# Workhorse Knife on the Line (Wusthof Le Cordon Bleu?)



## gennaroe (Mar 16, 2010)

Hey all, I've been reading through this forum for the past few days and finally decided to sign up and type up a post to see if what I've gleaned so far is leading me to the right decision. 

I'm currently just a home cook, and I've been using the Forschner 8 inch Rosewood Chef's knife for about a year. As I've cooked more, it's gotten to feel far too light, flimsy, and short. Additionally, I may be starting kitchen work some time in the next few months, and I imagine that they'll have me doing a whole lot of chopping and prep work before I even lay a hand on a pan. So, I'd like to pick up a workhorse knife that won't break the bank and will get the job done well, and I'd like to learn how to sharpen and care for it, before then. I'm leaning toward the Wusthof Le Cordon Bleu 10 inch Chef's simply because it seems like a steal at $80, which I've seen it going for on at least one site. 

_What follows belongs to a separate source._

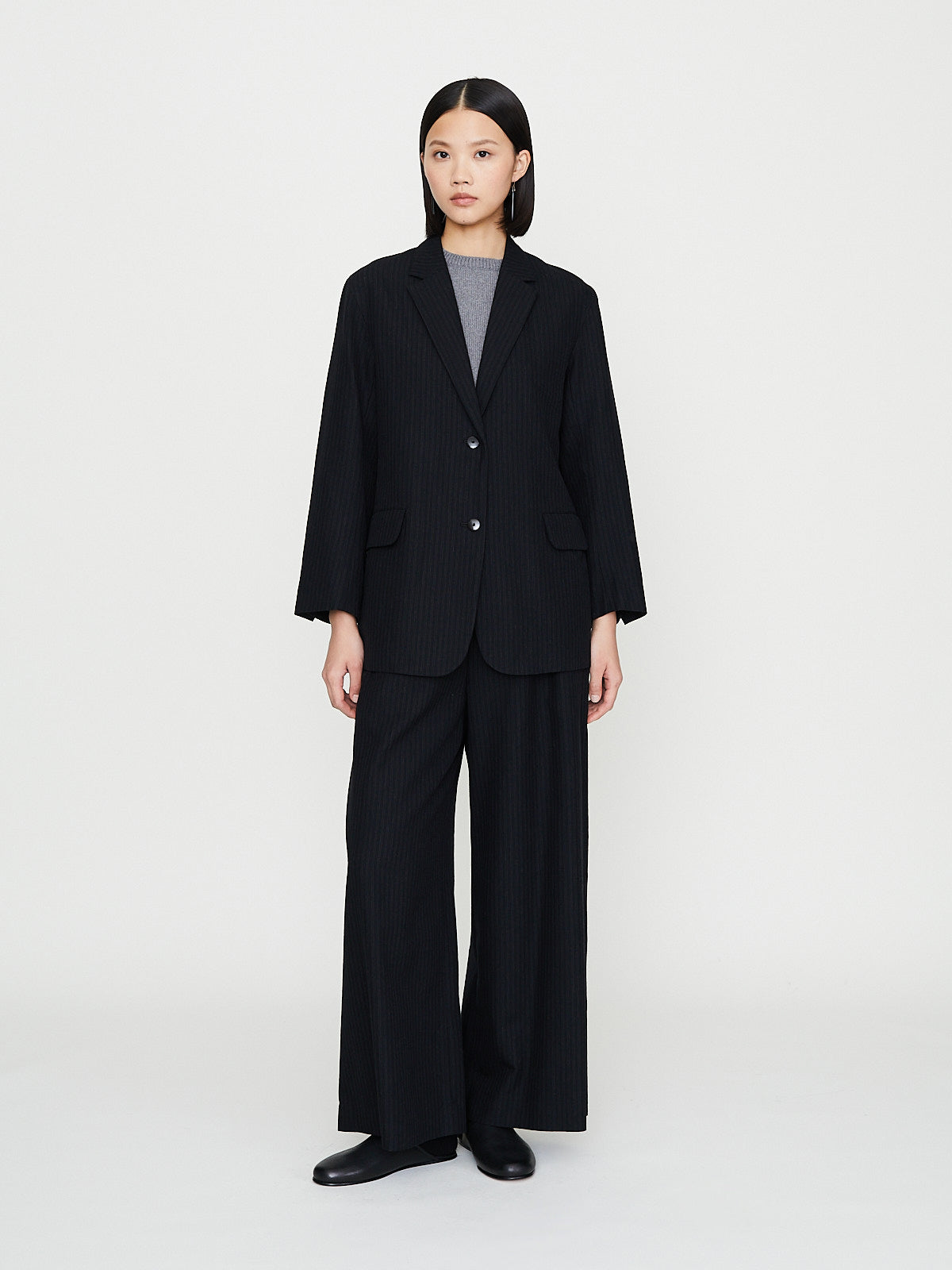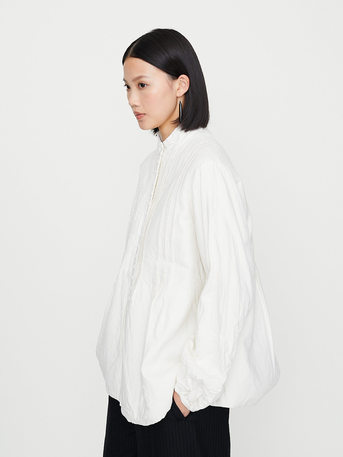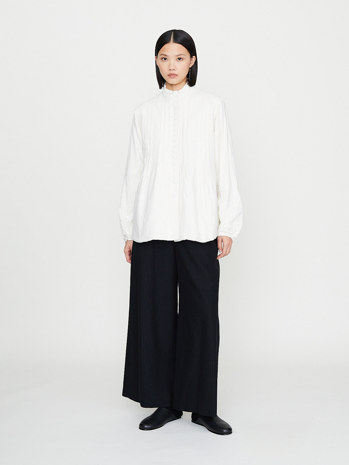 Voluminous shirt in off white napped silk/linen inspired by a baptismal gown from the 1920s. Stand  collar, front button fastening and long blouson sleeves with buttoned cuffs. Features a 3-pleat detail at the back of the neck and pin-tucks detailing on the front. A-line silhouette.

Is there a significantly better knife for the job at this price point? I'd like to spend no more than $100. I've done my best to research the many Japanese options, but there are so many in each price bracket that I'm having a hard time coming to any definitive conclusions there. For that price, a friend suggested going with a gyoto from the Togiharu Molybdenum line. How would that compare in terms of performance and characteristics (besides the fact that it would be prone to stains, and has an asymmetrical edge)? 

Finally, if I were to go with the Wusthof, what would be a suitable combination of wet stones and honing rods to pick up and learn with? I've been considering an Edge Pro, but I think I ought to just bite the bullet and learn how to sharpen by hand.

Thanks,
Gennaro


----------



## boar_d_laze (Feb 13, 2008)

Hi Gennaro,

You wrote,


I'm currently just a home cook, and I've been using the Forschner 8 inch Rosewood Chef's knife for about a year. As I've cooked more, it's gotten to feel far too light, flimsy, and short. Additionally, I may be starting kitchen work some time in the next few months, and I imagine that they'll have me doing a whole lot of chopping and prep work before I even lay a hand on a pan. So, I'd like to pick up a workhorse knife that won't break the bank and will get the job done well, and I'd like to learn how to sharpen and care for it, before then.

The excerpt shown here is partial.